What choice did she have? Her dear sweet David, the love of her life, the man who’d asked her to marry him despite her reputation as a hand-­me-­down from the football team, had flatly refused to sign the papers to get a second mortgage on their home. Selling it was out of the question. He refused to die and leave her in debt, and she refused to accept that he couldn’t be saved. All they needed was a final fifty thousand dollars beyond the money Hester had already given them when she stripped her and David’s retirement savings accounts and cleaned out their regular savings. She would have sold one of her kidneys to help him. Or, she would do what she did: risk spending the rest of her life in prison.

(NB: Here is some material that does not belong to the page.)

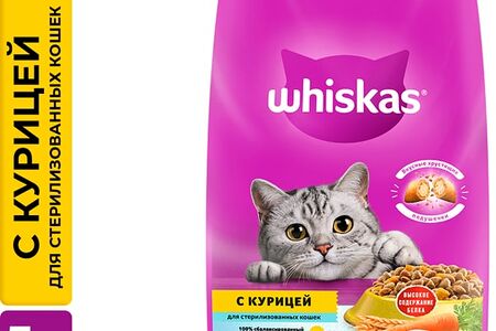 Сухой корм для стерилизованных кошек Whiskas с курицей и вкусными подушечками 5кг доставка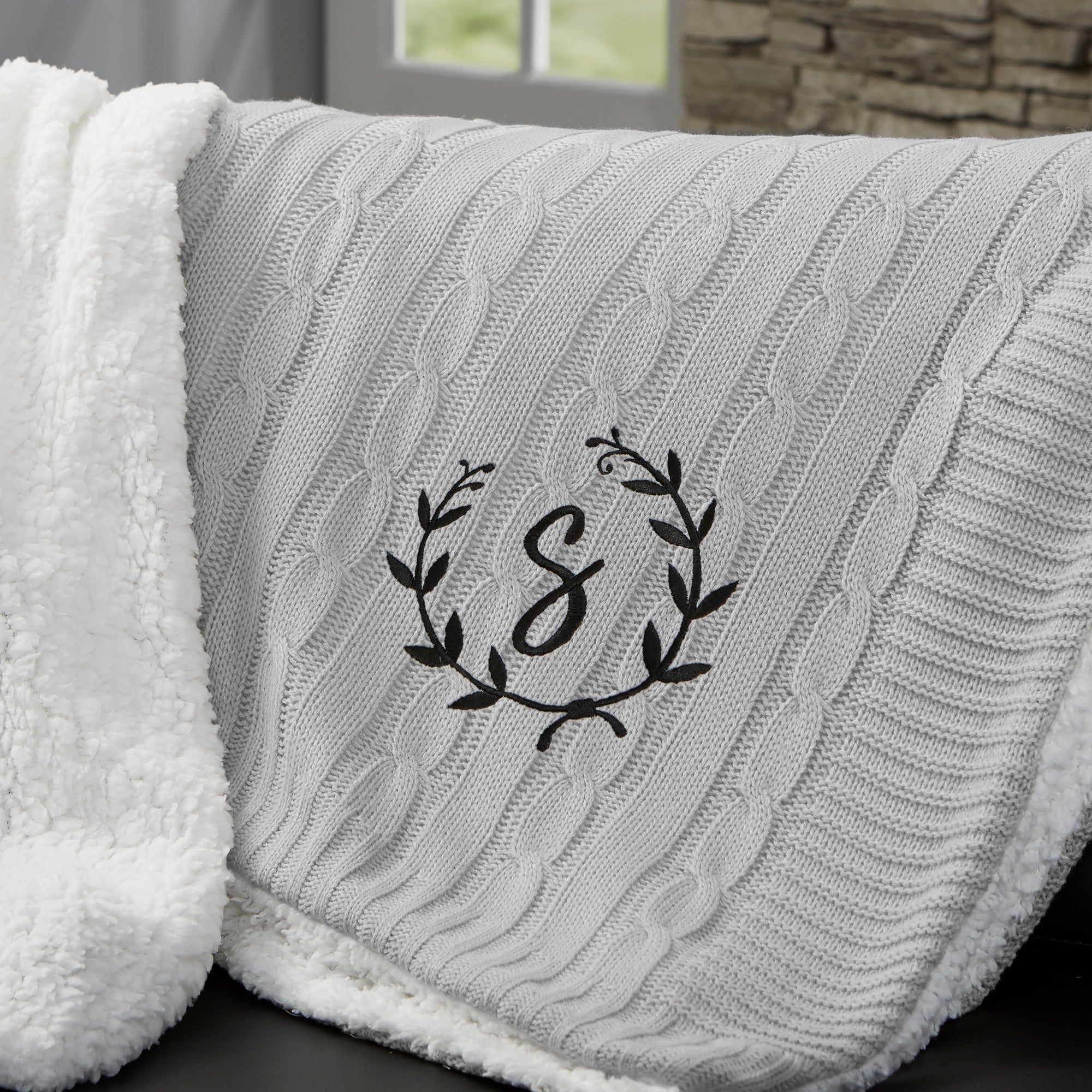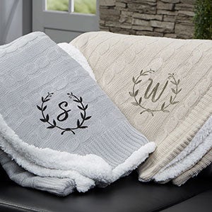 Our Floral Wreath Personalized Throw Blanket has an incredibly, soft knitted sweater pattern on the front and an added bonus of sherpa on the reverse side. Medium weight that's not too heavy or too light makes it a cozy addition to your couch or sofa on a chilly evening.

The treatments they’d been assured would save his life gave him less than a year. A horrific year. She’d finally accepted that the footbaths to remove toxins were a sham. The constant colonic irrigations perforated his bowel. The bizarre diet of vegetables and raw liver left him in a constant state of nausea. The mysterious mixture of chemicals fed into his veins, touted as being an alternate, supposedly gentler form of chemotherapy left him so weak he needed help getting from the bed to a wheelchair. And still the tumors grew and spread.

David begged her to let him go home so he could die in peace. Hester begged him to try a little longer—­a day, a week, and finally a month. For her. She couldn’t bear the thought of living without him.

He gave in and continued the treatments. And died a terrible death with nothing peaceful or gentle about it. The doctor said it was David’s fault. Cures only happened when the patient had faith in the treatment, and David had stopped believing.

Hester was numb for months and then woke up. First she dealt with simple anger. Within a month the anger turned to fury. She filed a complaint with the Medical Board of California and followed it through the investigative process. She’d spent the entire past week, when she should have been at work preparing for the new bookkeeper, at the agency’s district office attending hearings.

Feeling confident she’d done what she could to guarantee no one else would be scammed by the doctor or his clinic, she turned to the debt she owed Peter and Katherine. She was counting on Michael to help her. He would be kind because it was his nature. And he would do what had to be done because that was his nature, too.

She’d picked up the check for the sale of her house at the title company the day before. There was enough to cover what she’d taken, plus interest. It was the part where she had to admit what she’d done, where she had to look Michael in the eye and see the disappointment that would haunt her the rest of her life that she feared the most.

She’d planned it this way. It was cowardly, but she simply couldn’t face Peter and Katherine. Not now. Maybe later when their disappointment had developed a protective shell of anger. They’d always treated her like family.

And this was how she’d thanked them.